The San Diego maker of the decidedly unglamorous WD-40 lubricant, rust protector and squeak eliminator keeps growing steadily, notably in foreign markets.

Its stock keeps rising in lockstep with its sales. While the benchmark Standard & Poor’s 500 index has gained about 70 percent in the last 10 years, WD-40’s stock is up more than 200 percent.

Sales totaled $383 million in its fiscal year ended last August. The company also makes 3-In-One oil, Lava soap and other products, but WD-40 remains its dominant brand.

So what is WD-40 doing that keeps greasing the wheels? We asked its chief executive, Garry Ridge, to explain. Here’s an excerpt:

Q: What does the name WD-40 mean?

A: It stands for water displacement, 40th formula. It was invented back in the 1950s to stop corrosion on the skin of the Atlas space rocket. The chemists who worked on it tried 39 times to find the right formula and on the 40th time they were successful.

Q: The formula remains secret?

A: Yes, it’s locked in a vault in a bank (in San Diego). The original formula is actually written in pencil on a notepad.

Q: How many employees do you have?

A: We have 101 in San Diego and 427 worldwide.

Q: You sell WD-40 in how many countries?

A: 176.

Q: Where is the product made?

A: We only blend the concentrate, or the “secret sauce,” in four places: San Diego, Louisiana, the United Kingdom and Australia.

Aside from blending the concentrate ourselves, we outsource all of our manufacturing operations.

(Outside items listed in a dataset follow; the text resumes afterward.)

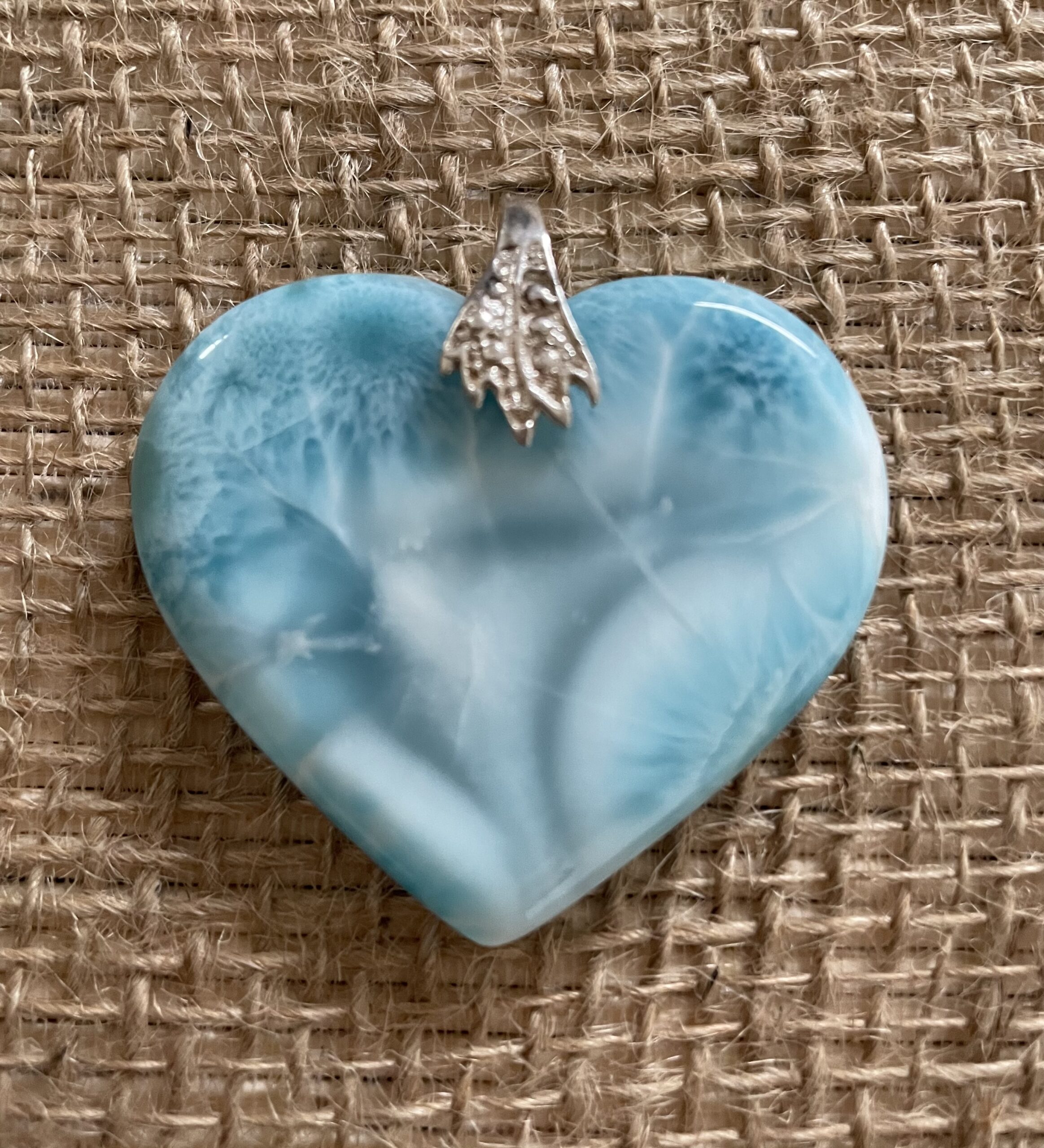 PENDENTIF LARIMAR AAA COEUR N°4 et ARGENT
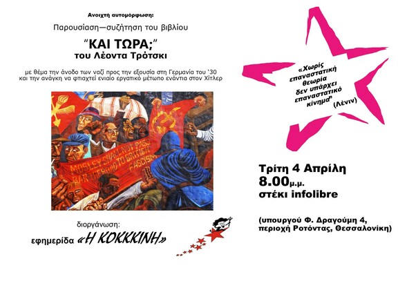 Ανοιχτή αυτομόρφωση της εφημερίδας "Η ΚΟΚΚΙΝΗ" για μια πρώτη γνωριμία με το έργο του Λέοντα Τρότσκι την Τρίτη 4 Απρίλη 2023 στις 8μμ, στο στέκι infolibre (υπουργού Φ. Δραγούμη 4, περιοχή Ροτόντας, Θεσσαλονίκη).
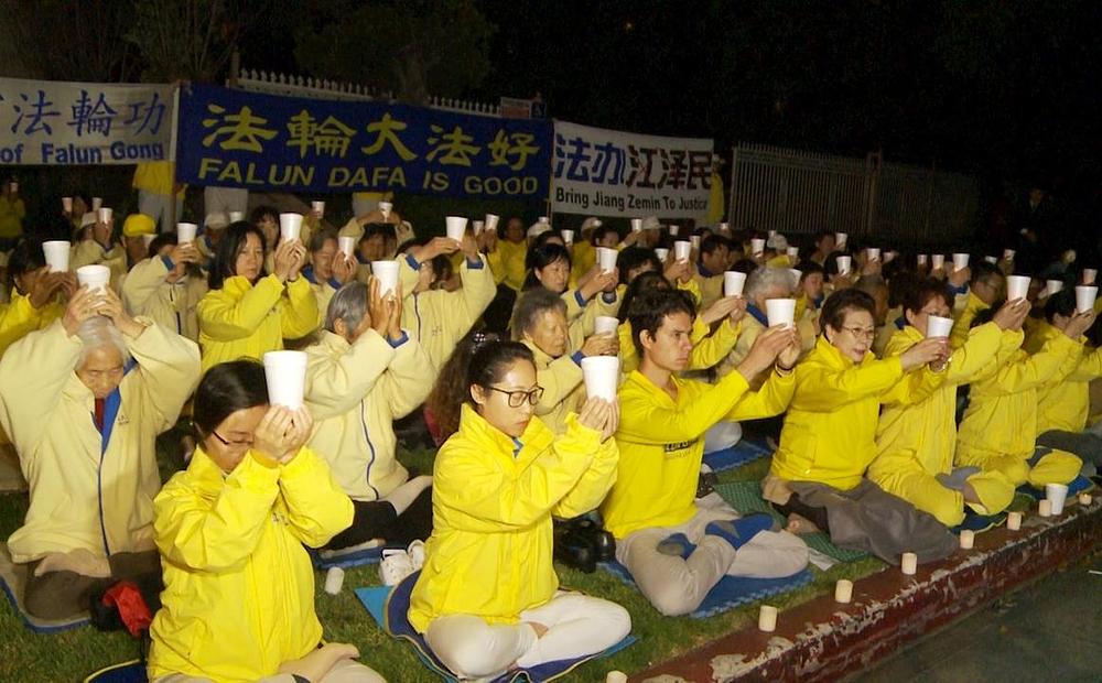 Bdijenje uz svijeće u Los Angelesu održano je navečer 23. aprila ispred Kineskog konzulata. Veliki transparenti su pozivali na ukidanje zvjerstava u Kini i dovođenje Jianga pred lice pravde.
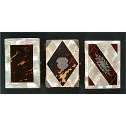 Three tortoiseshell and mother of pearl rectangular purses, one decorated with diamond shaped pan...
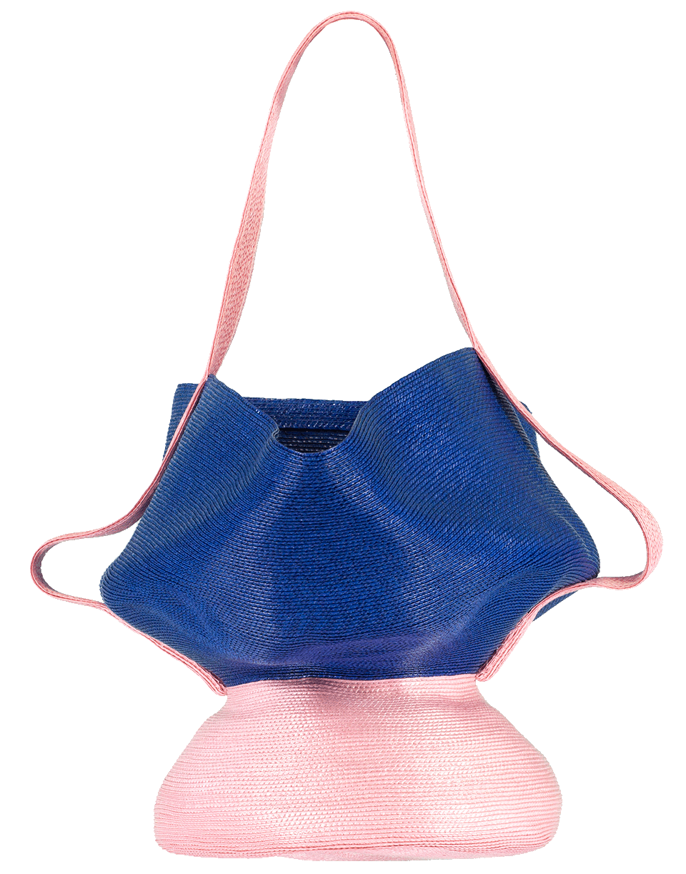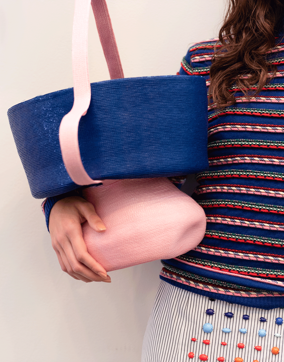 This pink and blue Jug bag from Rosie Assoulin features two stacked color blocked tiers connected with a single 8” top handle, making it easy to access all your essentials.
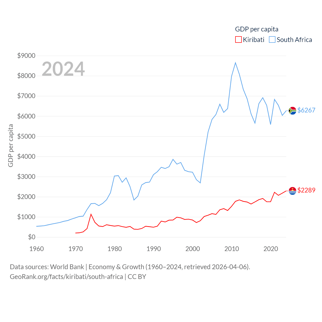 By GDP, Kiribati ranks 192/197 ($308M) and South Africa ranks 40/197 ($401B). By GDP per capita, Kiribati ranks 152/197 ($2,289), while South Africa ranks 111/197 ($6,267).
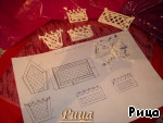 Что мы делаем чтобы не тратить время зря на непредвиденные поломки - это рисуем дополнительные шаблончики - близнецы. Строительного материала потребуется поболе, но цель нам важнее. Используем только свежий взбитый айсинг. Если при отсадке линия пошла слишком тонко, повторяем ещё раз, подправляем зубочистками и кладём сушиться где-нибудь повыше на ровную поверхность полок, мебели и т.д. В этой кропотливой работе нет отходов - даже поломанные части, кусочки- это всё пригодится при сборке готовой конструкции, т.е. где - то подклеить "заплаточку", полосочку, основание дна - всё сохраняем по коробочкамдля других идей из айсинга они также пригодятся. Остатки айсинга не оставляем на др. день- он становится жидким, даже если добавить сахарную пудру.всё получится, берёмся за дело без страха и с улыбкой
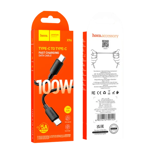 Кабель HOCO X96 Type-C (m)-Type-C (m) 1м 3.0A 100W ПВХ черный.
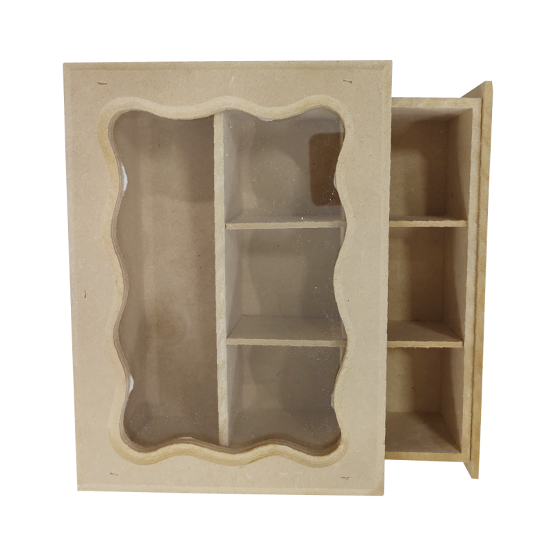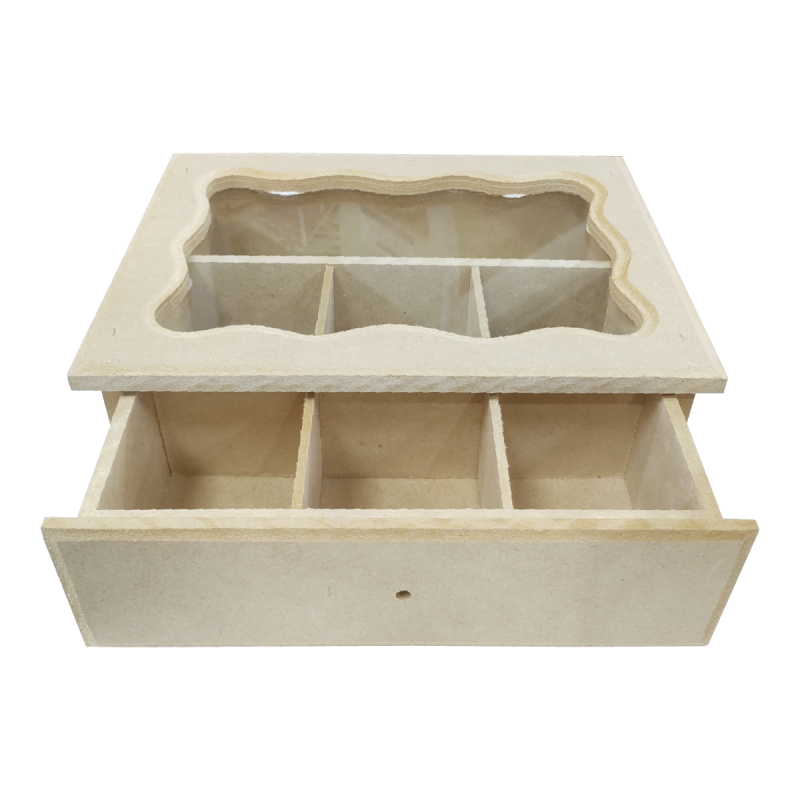 Caja de te con cajón y vidrio de 6 divisiones.
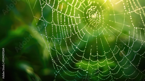 Dewdrops on spider web. Close-up of glistening silken threads against blurred green background
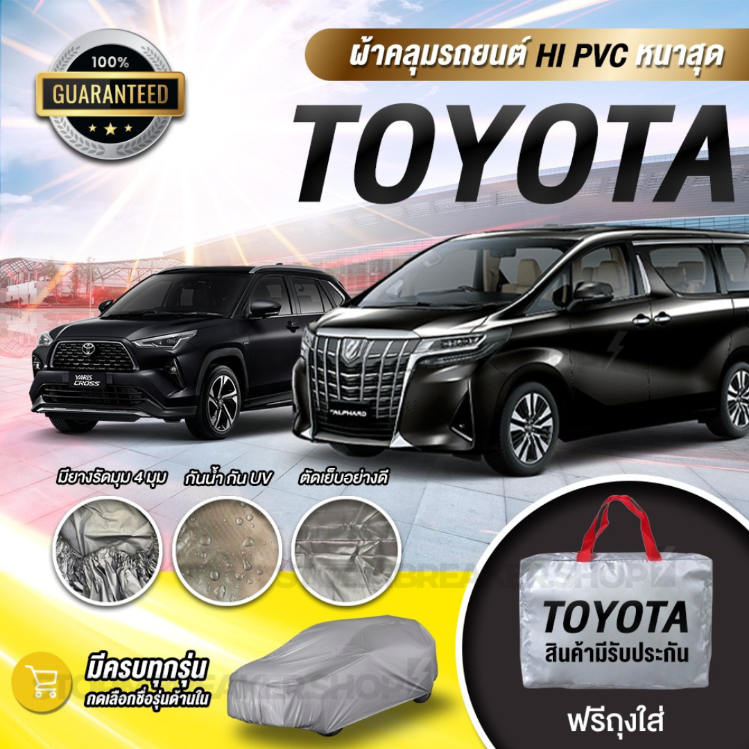 ผ้าคลุมรถ TOYOTA ตรงยี่ห้อ ตรงรุ่น มีให้เลือกถึง 4 เนื้อผ้า ตัดเย็บอย่างดียางรัดมุมกันปลิว งานรับประกัน
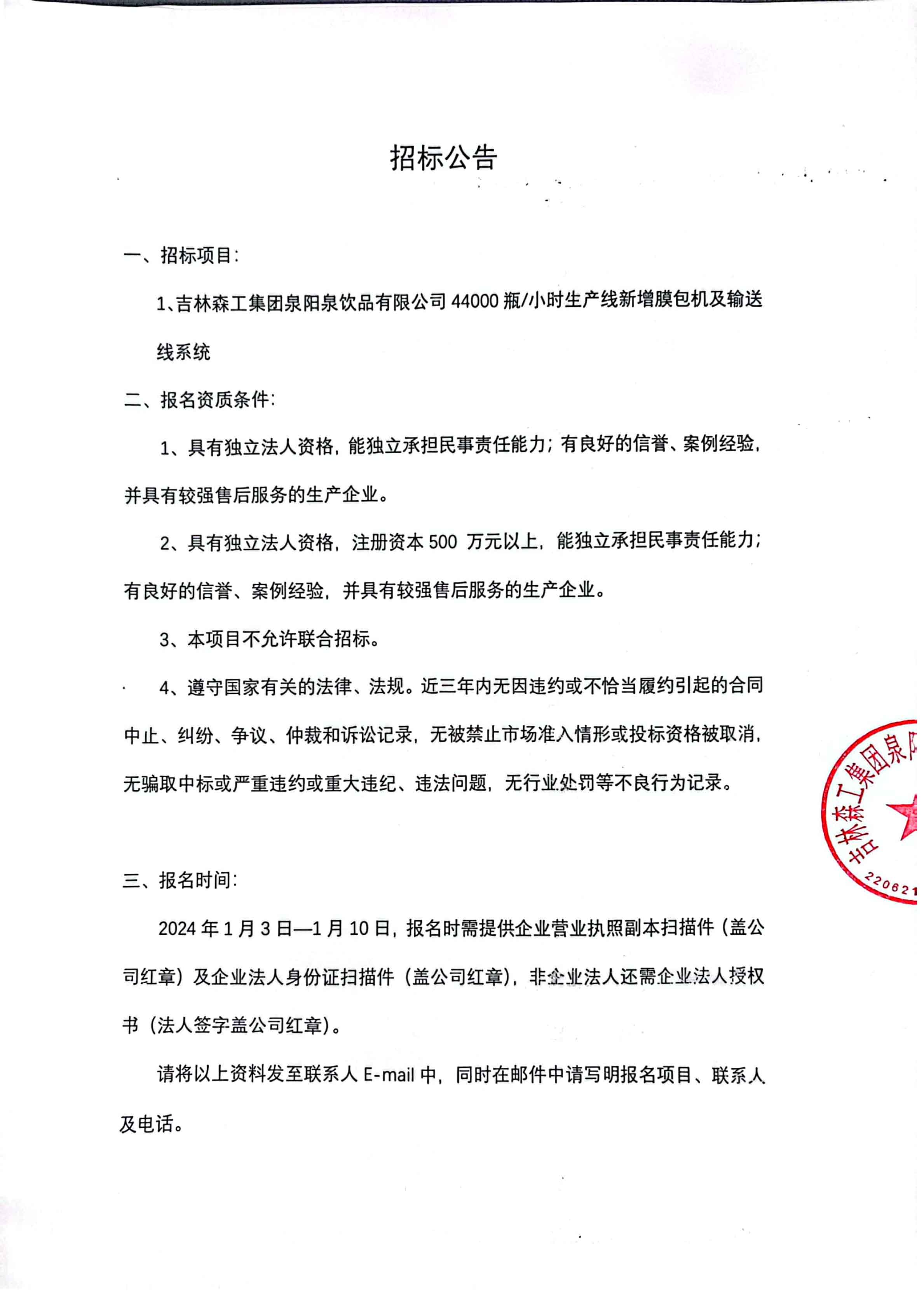 2024年度部分產(chǎn)品干線運輸服務(wù)招標公告

Once the concentrate is blended, it is shipped to our fillers, who mix in a few additional ingredients and put the completed formula into the famous blue-and-yellow can with the little red cap.

Q: Many people use WD-40, put it on a shelf and then perhaps don’t buy another can for months or years. So how does the company keep growing?

A: Two ways: Today more than 65 percent of our revenue is outside the United States. Secondly, it depends who you are as a user.

You and I probably use about 41 cents’ worth of WD-40 a year. But those working commercially or in factories are using between $40 and $70 of WD-40 a year. Our heavy-end users, such as artisans, repair-and-overhaul people, construction trades and automotive people, are using many, many cans a year.

Q: How is WD-40 marketed?

A: We have a very simple set of questions we ask ourselves: Do you need me? Do you know me? Can you buy me?

WD-40 is a big brand globally, but in any particular sales channel it’s not that big. We don’t position ourselves as a lubricant or a de-penetrant or as a water displacer or as a rust-preventive product. We position ourselves as a multiuse product, which means we can go anywhere we want.

You can buy WD-40 in an automotive store, a hardware store, a grocery store, a drugstore. That’s the secret for part of our success.

Q: The world and technology change so rapidly, but WD-40 seems to do well by mostly sticking to its knitting. True?

A: Focus is so important. You have to know what you understand and what you don’t understand. A lot of companies like to diversify but we call it “de-worsify,” where you keep looking for that shiny new penny because what we’re doing sometimes gets boring.

We’ve doubled our business in the last 10 years and we know we can double it again in the next 10. All it takes is focus.

Q: You were once quoted saying, “We’re everyday folks doing our job and making money for our shareholders.” What did you mean?

A: I don’t take myself too seriously. So often hubris and ego take over from reality. We are everyday folks. We say please and thank you. We respect people.

Profit is the applause of doing good work and having engaged employees, and that’s what I’m most proud of. The stock price will take care of itself.

Q: Your website lists some strange ways people have used WD-40, like removing a python from the undercarriage of a bus. What’s your favorite story?

A: There was a lady in the Midwest who had a bird feeder in her backyard and squirrels use to run up the pole and eat the bird feed. So she sprayed the pole with WD-40. Can you imagine those little squirrels trying to climb up that lubricated pole?